REQUIREMENT
Could you reproduce all the entries under this sentence exactly, leaving the images aside?
====== SOURCE DATA
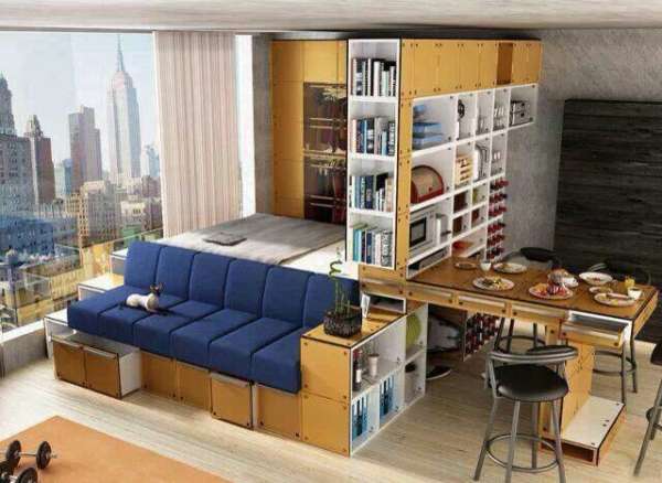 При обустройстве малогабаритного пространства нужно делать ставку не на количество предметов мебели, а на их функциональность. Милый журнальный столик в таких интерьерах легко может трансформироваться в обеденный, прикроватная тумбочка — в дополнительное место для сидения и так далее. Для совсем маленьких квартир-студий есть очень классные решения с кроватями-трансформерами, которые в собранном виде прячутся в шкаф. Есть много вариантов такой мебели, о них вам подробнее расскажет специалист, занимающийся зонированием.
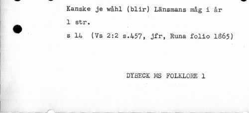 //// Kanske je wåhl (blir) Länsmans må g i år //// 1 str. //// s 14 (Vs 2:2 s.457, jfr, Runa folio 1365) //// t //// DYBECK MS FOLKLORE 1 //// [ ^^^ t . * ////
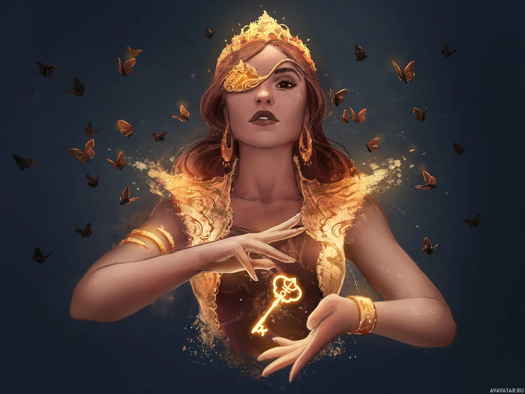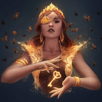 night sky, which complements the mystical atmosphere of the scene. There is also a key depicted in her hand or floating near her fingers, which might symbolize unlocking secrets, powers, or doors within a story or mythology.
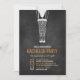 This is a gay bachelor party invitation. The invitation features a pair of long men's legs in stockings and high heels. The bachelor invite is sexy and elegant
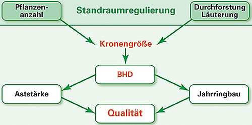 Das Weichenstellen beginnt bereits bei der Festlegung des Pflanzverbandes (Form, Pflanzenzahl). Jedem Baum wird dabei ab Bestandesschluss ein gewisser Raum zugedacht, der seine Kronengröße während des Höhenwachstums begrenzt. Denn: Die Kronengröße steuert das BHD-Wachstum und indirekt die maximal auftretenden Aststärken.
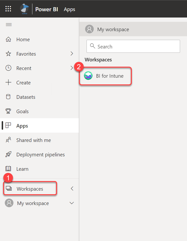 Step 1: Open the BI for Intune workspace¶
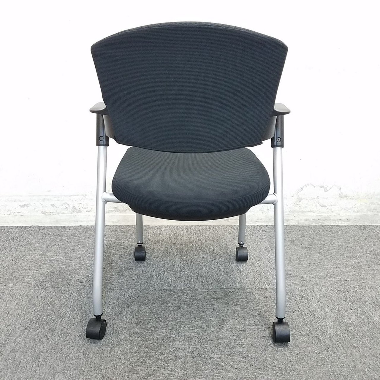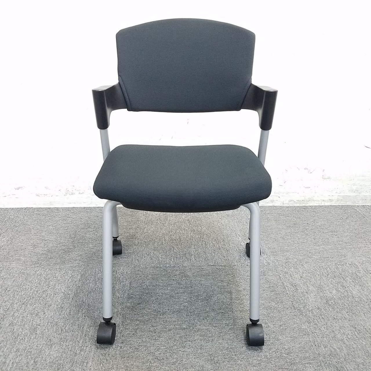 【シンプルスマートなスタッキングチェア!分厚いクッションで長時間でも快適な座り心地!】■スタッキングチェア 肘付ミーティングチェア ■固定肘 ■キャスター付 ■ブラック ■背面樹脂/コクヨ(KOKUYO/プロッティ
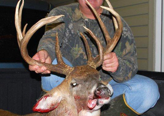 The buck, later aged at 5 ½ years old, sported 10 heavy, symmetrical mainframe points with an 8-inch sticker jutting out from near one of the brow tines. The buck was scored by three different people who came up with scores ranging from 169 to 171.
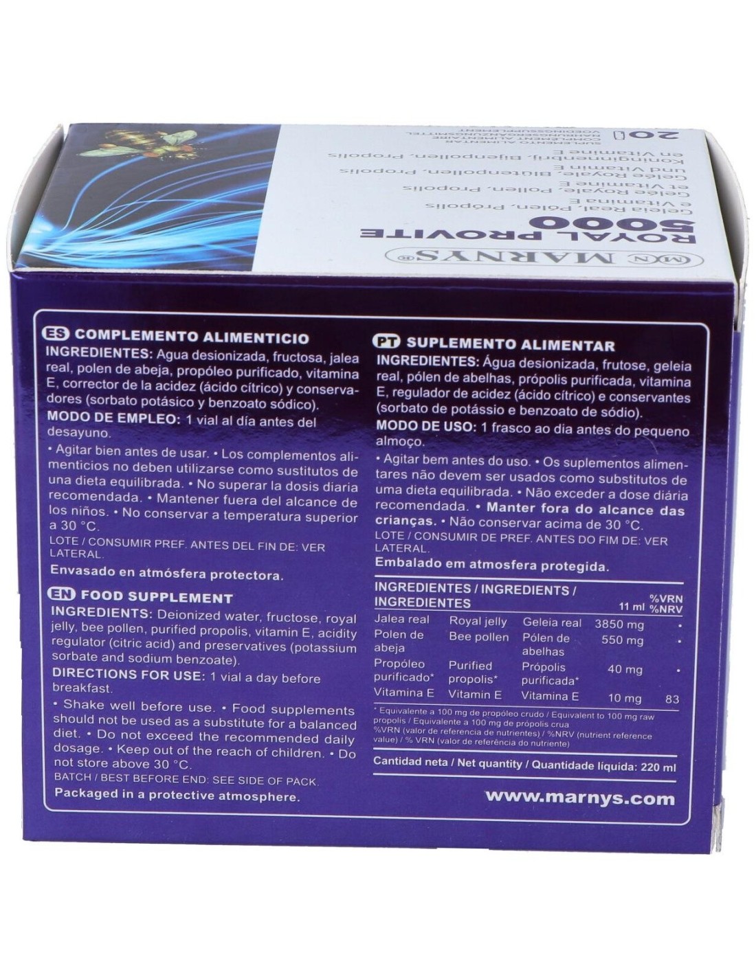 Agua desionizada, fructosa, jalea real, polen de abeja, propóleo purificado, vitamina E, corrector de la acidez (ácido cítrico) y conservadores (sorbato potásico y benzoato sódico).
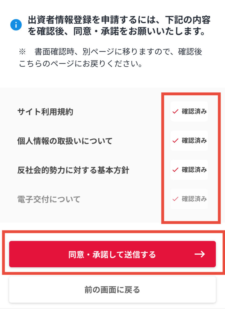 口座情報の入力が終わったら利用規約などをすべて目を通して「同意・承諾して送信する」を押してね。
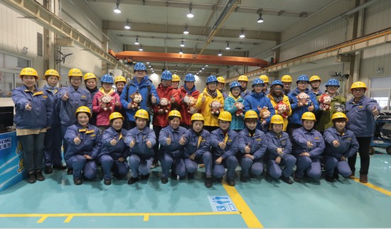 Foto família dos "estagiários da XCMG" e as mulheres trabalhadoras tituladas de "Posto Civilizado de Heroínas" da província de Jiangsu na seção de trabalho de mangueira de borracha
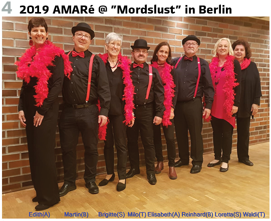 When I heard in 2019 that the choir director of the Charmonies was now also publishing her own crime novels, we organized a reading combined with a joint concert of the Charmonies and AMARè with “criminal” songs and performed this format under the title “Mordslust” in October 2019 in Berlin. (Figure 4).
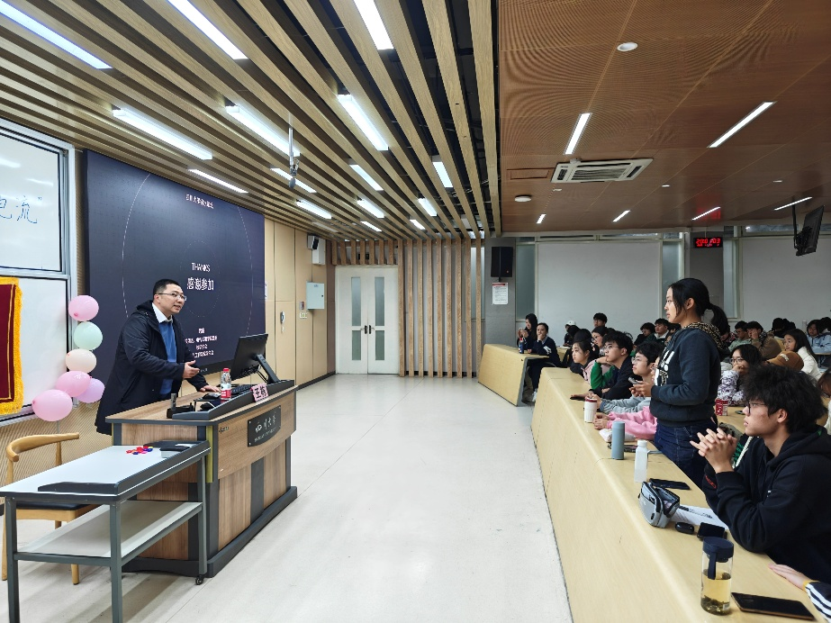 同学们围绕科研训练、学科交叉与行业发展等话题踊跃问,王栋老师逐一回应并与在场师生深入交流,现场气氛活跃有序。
============
WRITTEN ANSWER
 При обустройстве малогабаритного пространства нужно делать ставку не на количество предметов мебели, а на их функциональность. Милый журнальный столик в таких интерьерах легко может трансформироваться в обеденный, прикроватная тумбочка — в дополнительное место для сидения и так далее. Для совсем маленьких квартир-студий есть очень классные решения с кроватями-трансформерами, которые в собранном виде прячутся в шкаф. Есть много вариантов такой мебели, о них вам подробнее расскажет специалист, занимающийся зонированием.
 //// Kanske je wåhl (blir) Länsmans må g i år //// 1 str. //// s 14 (Vs 2:2 s.457, jfr, Runa folio 1365) //// t //// DYBECK MS FOLKLORE 1 //// [ ^^^ t . * ////
 night sky, which complements the mystical atmosphere of the scene. There is also a key depicted in her hand or floating near her fingers, which might symbolize unlocking secrets, powers, or doors within a story or mythology.
 This is a gay bachelor party invitation. The invitation features a pair of long men's legs in stockings and high heels. The bachelor invite is sexy and elegant
 Das Weichenstellen beginnt bereits bei der Festlegung des Pflanzverbandes (Form, Pflanzenzahl). Jedem Baum wird dabei ab Bestandesschluss ein gewisser Raum zugedacht, der seine Kronengröße während des Höhenwachstums begrenzt. Denn: Die Kronengröße steuert das BHD-Wachstum und indirekt die maximal auftretenden Aststärken.
 Step 1: Open the BI for Intune workspace¶
 【シンプルスマートなスタッキングチェア!分厚いクッションで長時間でも快適な座り心地!】■スタッキングチェア 肘付ミーティングチェア ■固定肘 ■キャスター付 ■ブラック ■背面樹脂/コクヨ(KOKUYO/プロッティ
 The buck, later aged at 5 ½ years old, sported 10 heavy, symmetrical mainframe points with an 8-inch sticker jutting out from near one of the brow tines. The buck was scored by three different people who came up with scores ranging from 169 to 171.
 Agua desionizada, fructosa, jalea real, polen de abeja, propóleo purificado, vitamina E, corrector de la acidez (ácido cítrico) y conservadores (sorbato potásico y benzoato sódico).
 口座情報の入力が終わったら利用規約などをすべて目を通して「同意・承諾して送信する」を押してね。
 Foto família dos "estagiários da XCMG" e as mulheres trabalhadoras tituladas de "Posto Civilizado de Heroínas" da província de Jiangsu na seção de trabalho de mangueira de borracha
 When I heard in 2019 that the choir director of the Charmonies was now also publishing her own crime novels, we organized a reading combined with a joint concert of the Charmonies and AMARè with “criminal” songs and performed this format under the title “Mordslust” in October 2019 in Berlin. (Figure 4).
 同学们围绕科研训练、学科交叉与行业发展等话题踊跃问,王栋老师逐一回应并与在场师生深入交流,现场气氛活跃有序。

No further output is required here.